Sepsis is the immune system’s overwhelming reaction to an infection. It is the cause of one in five deaths worldwide, which is more than the total combined number of deaths due to breast, bowel, and prostate cancer. However, according to GlobalData’s Trials Intelligence platform, there are 12 times fewer sepsis clinical trials than the mentioned cancers (Figure 1). This is not for a lack of translational research; for the last 30 years, thousands of genetically engineered animals’ lives’ have been saved in pre-clinical studies that demonstrated specific antibodies, and drugs neutralised molecular players and pathways involved in sepsis. However, this has not resulted in a new, effective drug that improved the rate of survival. In fact, the World Health Organization (WHO) projects that at current rates, sepsis will be the top cause of death worldwide by 2050.
Sepsis can be difficult to recognise due to the generic nature of many symptoms such as increased perspiration, difficulty breathing, and dizziness, which are all associated with a litany of ailments.
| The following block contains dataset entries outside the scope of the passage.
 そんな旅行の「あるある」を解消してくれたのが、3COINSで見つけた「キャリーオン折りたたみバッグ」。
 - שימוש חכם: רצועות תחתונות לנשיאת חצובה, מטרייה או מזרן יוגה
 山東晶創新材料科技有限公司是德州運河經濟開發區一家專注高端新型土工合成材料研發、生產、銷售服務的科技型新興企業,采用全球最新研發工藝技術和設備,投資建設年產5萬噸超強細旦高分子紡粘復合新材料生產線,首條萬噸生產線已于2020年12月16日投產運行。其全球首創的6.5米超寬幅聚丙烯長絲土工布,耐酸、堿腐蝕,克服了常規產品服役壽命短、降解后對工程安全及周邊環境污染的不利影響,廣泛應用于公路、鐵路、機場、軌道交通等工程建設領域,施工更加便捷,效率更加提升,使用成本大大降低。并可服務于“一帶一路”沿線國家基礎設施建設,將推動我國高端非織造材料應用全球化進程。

When it is not managed promptly, it can progress to septic shock, tissue damage, organ failure, and often death. The mortality rate of patients with severe sepsis is over 30%. Unfortunately, only half of patients who survive will completely recover. Others will die within one year and for those that live beyond this, up to 50% will have considerable cognitive impairments, as well as possible physical and psychological disabilities. Understanding the disturbing consequences associated with sepsis makes the lack of therapies, or innovative studies, incomprehensible.
Sepsis clinical trials are undeniably challenging and complex. However, promising modifications extensively outlined in the literature have yet to be incorporated into modern trials. Despite the argument that adaptive clinical trial designs are more suitable for sepsis studies, as they allow emerging discoveries to be incorporated into participants treatments, GlobalData’s Trials Intelligence platform indicates that most trials continue to follow a traditional design.
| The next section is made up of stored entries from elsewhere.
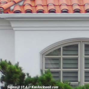 Sigma 30mm f/1.4 at f/1.4 This isn't a lens for shooting test charts. For that, get a macro lens. I'd use this 30mm f/1.4 in dim light, but put my usual lens back on in good light. The Sigma 30mm f/1.4 is soft in the corners, even stopped down, if you're looking for it. Shooting this lens the way it is intended I never saw this. This Sigma is softer than my Nikon 18-200mm VR when stopped down, especially in the corners. Don't use this lens for astronomy. Its optics aren't up to it, and there is no infinity focus stop. I'd use a Nikon 50mm f/1.4, especially manual focus, for astronomy. The best ultra-speed lens I've used at f/1.2 is the incredible Canon 85mm f/1.2L. The rest of these examples, in order to make the Sigma look competitive, were made manually focusing the Sigma lens for best results, while all the other lenses were left in autofocus. The other lenses focused properly on my D200 while the Sigma didn't. The Sigma worked fine on my D40. As a free feature, you can click any of the images to get to my review of that lens. f/1.4 Center Left Side
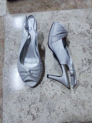 Sandalias de tacón. De fiesta. Color plata. T-39.
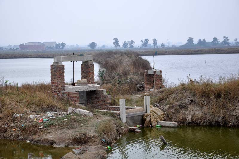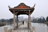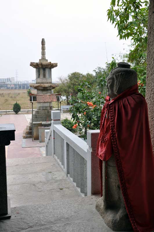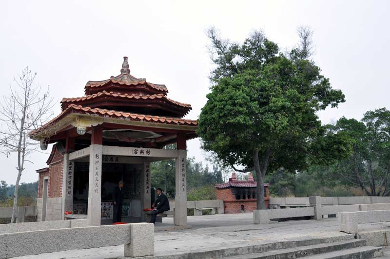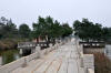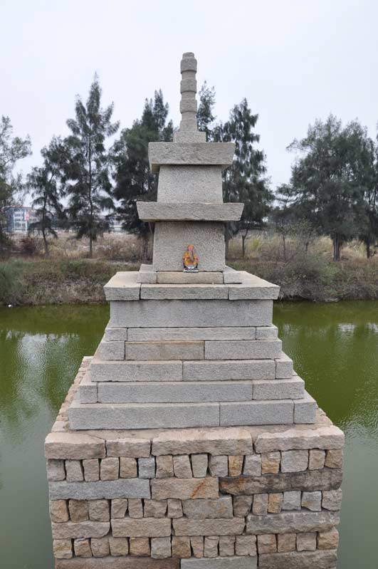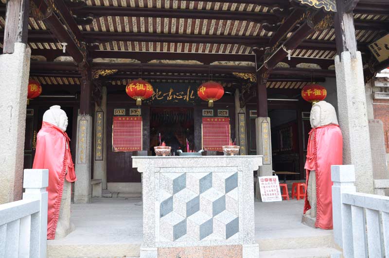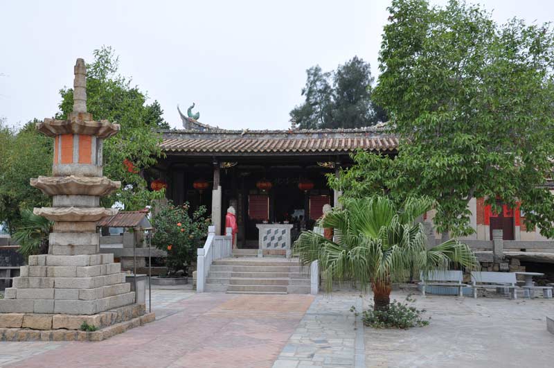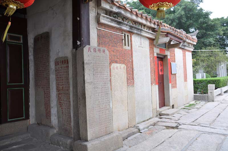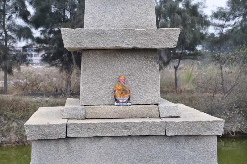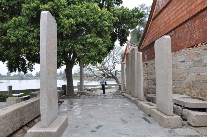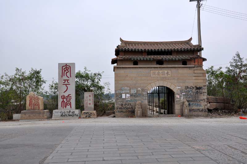 中的一座.水心古地和古寧頭的“雙鯉古地”名字異曲同工,令人玩味.門柱對聯“世間有佛宗斯佛,天下無橋長此橋”,印證安平橋長度曾冠於古代橋梁之首.亭的周圍保存著歷代修橋碑刻十二座,有的鉗入牆壁之中.橋墩有長方形墩、半船形墩和船形墩
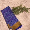 get yourself this beautiful blue patola saree, made from pure mulberry silk. comes with a beautiful plain blouse.
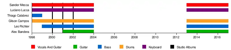 In 2001, Lucca decided to abandon the group after having some discussions with the Batista. Bandera replaced him. Two months later, the group dumped Batista and called back Lucca.
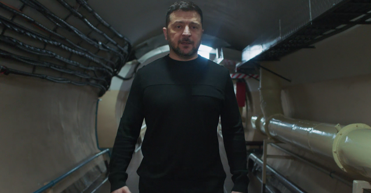 Президент у своєму зверненні згадав найбільш болючі моменти від початку війни Росії проти України. В ході звернення він йшов коридорами бункеру й врешті піднявся наверх.

Additionally, the disparity between successful pre-clinical studies compared to the immense failure of clinical trials, indicates inappropriate and irrelevant animal models are being used. Instead, many demonstrate that human cells and tissues would improve translational research, but the same mistakes continue to be made. An overhaul to the sepsis research paradigm is long overdue. Time will determine if efforts to improve data regarding sepsis will step up, and if so, be enough to prevent its current trajectory.